## BRIEF
Repeat only the stretch of lines below that runs from the line with "Yellow Green Lace" through the line with "Но потом Дане", unaltered.
--- GIVEN DATA ---
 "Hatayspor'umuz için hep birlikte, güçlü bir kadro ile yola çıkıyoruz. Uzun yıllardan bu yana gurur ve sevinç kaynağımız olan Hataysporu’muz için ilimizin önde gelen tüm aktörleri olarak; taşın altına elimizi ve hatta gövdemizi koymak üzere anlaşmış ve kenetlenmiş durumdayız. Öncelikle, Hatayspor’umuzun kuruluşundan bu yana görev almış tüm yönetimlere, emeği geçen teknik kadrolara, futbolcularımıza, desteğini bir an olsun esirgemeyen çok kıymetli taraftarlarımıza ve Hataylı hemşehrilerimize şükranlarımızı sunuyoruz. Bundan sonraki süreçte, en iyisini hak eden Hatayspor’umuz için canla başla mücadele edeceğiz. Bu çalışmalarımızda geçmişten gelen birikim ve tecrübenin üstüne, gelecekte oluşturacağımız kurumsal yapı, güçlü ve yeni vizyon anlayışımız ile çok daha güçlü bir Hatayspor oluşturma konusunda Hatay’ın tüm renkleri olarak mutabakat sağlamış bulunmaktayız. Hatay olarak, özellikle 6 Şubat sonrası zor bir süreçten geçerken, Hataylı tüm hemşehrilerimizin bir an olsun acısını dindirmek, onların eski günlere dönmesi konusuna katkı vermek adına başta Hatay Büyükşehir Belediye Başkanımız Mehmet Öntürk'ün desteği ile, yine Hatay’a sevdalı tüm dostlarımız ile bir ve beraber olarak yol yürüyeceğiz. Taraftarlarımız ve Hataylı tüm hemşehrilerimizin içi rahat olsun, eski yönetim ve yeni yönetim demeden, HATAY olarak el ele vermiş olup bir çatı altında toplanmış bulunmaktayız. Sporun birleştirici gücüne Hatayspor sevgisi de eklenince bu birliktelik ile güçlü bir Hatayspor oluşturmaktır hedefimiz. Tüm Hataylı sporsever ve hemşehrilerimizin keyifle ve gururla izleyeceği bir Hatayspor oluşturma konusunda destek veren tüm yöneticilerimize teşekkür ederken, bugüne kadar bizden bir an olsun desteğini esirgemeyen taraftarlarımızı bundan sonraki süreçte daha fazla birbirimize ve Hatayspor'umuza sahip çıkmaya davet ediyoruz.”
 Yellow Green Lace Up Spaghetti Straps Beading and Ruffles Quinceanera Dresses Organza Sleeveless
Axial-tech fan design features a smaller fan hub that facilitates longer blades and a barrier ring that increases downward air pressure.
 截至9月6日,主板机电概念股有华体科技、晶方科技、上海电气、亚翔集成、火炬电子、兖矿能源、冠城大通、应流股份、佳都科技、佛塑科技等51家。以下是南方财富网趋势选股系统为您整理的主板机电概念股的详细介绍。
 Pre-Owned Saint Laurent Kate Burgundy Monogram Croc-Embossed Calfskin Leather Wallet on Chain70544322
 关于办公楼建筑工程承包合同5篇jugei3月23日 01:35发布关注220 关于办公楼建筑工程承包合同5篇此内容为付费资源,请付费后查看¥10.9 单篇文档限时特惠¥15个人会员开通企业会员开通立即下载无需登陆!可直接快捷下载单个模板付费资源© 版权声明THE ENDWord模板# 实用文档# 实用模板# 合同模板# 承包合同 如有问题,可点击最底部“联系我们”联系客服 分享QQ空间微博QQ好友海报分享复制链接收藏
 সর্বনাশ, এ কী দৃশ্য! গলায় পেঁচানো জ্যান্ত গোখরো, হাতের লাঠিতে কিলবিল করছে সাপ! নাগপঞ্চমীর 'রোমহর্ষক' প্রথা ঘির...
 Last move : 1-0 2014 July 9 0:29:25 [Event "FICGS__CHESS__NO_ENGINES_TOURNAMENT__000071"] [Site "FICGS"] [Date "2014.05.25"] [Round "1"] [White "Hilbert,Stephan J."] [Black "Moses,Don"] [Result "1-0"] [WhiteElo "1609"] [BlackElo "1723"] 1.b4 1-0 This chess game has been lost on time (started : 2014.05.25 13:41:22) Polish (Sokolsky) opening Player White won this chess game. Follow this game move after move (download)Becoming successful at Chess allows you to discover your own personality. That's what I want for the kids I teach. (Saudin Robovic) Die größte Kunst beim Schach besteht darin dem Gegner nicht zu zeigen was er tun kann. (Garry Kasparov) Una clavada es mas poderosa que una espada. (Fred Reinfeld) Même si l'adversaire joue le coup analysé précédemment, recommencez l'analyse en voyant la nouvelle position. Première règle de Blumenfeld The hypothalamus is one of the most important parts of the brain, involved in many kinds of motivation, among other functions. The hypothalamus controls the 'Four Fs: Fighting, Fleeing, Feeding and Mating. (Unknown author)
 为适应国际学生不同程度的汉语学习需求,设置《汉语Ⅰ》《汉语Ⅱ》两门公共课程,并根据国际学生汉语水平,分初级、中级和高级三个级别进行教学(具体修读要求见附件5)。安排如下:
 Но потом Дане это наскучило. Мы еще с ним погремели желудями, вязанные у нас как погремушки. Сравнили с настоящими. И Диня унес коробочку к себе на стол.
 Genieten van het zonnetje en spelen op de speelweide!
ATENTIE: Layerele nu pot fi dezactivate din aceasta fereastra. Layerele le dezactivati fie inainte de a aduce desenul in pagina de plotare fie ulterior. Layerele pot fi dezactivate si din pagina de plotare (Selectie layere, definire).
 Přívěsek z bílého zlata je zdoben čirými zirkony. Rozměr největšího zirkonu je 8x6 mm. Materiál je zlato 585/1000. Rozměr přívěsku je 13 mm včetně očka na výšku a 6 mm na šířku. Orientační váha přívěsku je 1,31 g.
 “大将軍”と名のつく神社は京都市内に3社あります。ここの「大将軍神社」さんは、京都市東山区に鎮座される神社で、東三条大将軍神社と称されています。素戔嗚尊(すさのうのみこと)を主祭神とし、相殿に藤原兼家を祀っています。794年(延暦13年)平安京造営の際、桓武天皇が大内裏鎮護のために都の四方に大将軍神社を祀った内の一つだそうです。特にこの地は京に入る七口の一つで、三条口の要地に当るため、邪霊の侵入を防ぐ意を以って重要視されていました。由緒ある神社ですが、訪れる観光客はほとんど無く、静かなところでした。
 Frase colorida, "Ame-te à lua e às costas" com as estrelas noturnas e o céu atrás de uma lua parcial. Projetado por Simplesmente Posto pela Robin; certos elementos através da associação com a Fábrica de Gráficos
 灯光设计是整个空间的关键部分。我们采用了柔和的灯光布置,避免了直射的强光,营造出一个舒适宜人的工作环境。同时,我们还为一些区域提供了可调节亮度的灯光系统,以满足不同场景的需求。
---
## SOLUTION TO THIS TASK
 Yellow Green Lace Up Spaghetti Straps Beading and Ruffles Quinceanera Dresses Organza Sleeveless
Axial-tech fan design features a smaller fan hub that facilitates longer blades and a barrier ring that increases downward air pressure.
 截至9月6日,主板机电概念股有华体科技、晶方科技、上海电气、亚翔集成、火炬电子、兖矿能源、冠城大通、应流股份、佳都科技、佛塑科技等51家。以下是南方财富网趋势选股系统为您整理的主板机电概念股的详细介绍。
 Pre-Owned Saint Laurent Kate Burgundy Monogram Croc-Embossed Calfskin Leather Wallet on Chain70544322
 关于办公楼建筑工程承包合同5篇jugei3月23日 01:35发布关注220 关于办公楼建筑工程承包合同5篇此内容为付费资源,请付费后查看¥10.9 单篇文档限时特惠¥15个人会员开通企业会员开通立即下载无需登陆!可直接快捷下载单个模板付费资源© 版权声明THE ENDWord模板# 实用文档# 实用模板# 合同模板# 承包合同 如有问题,可点击最底部“联系我们”联系客服 分享QQ空间微博QQ好友海报分享复制链接收藏
 সর্বনাশ, এ কী দৃশ্য! গলায় পেঁচানো জ্যান্ত গোখরো, হাতের লাঠিতে কিলবিল করছে সাপ! নাগপঞ্চমীর 'রোমহর্ষক' প্রথা ঘির...
 Last move : 1-0 2014 July 9 0:29:25 [Event "FICGS__CHESS__NO_ENGINES_TOURNAMENT__000071"] [Site "FICGS"] [Date "2014.05.25"] [Round "1"] [White "Hilbert,Stephan J."] [Black "Moses,Don"] [Result "1-0"] [WhiteElo "1609"] [BlackElo "1723"] 1.b4 1-0 This chess game has been lost on time (started : 2014.05.25 13:41:22) Polish (Sokolsky) opening Player White won this chess game. Follow this game move after move (download)Becoming successful at Chess allows you to discover your own personality. That's what I want for the kids I teach. (Saudin Robovic) Die größte Kunst beim Schach besteht darin dem Gegner nicht zu zeigen was er tun kann. (Garry Kasparov) Una clavada es mas poderosa que una espada. (Fred Reinfeld) Même si l'adversaire joue le coup analysé précédemment, recommencez l'analyse en voyant la nouvelle position. Première règle de Blumenfeld The hypothalamus is one of the most important parts of the brain, involved in many kinds of motivation, among other functions. The hypothalamus controls the 'Four Fs: Fighting, Fleeing, Feeding and Mating. (Unknown author)
 为适应国际学生不同程度的汉语学习需求,设置《汉语Ⅰ》《汉语Ⅱ》两门公共课程,并根据国际学生汉语水平,分初级、中级和高级三个级别进行教学(具体修读要求见附件5)。安排如下:
 Но потом Дане это наскучило. Мы еще с ним погремели желудями, вязанные у нас как погремушки. Сравнили с настоящими. И Диня унес коробочку к себе на стол.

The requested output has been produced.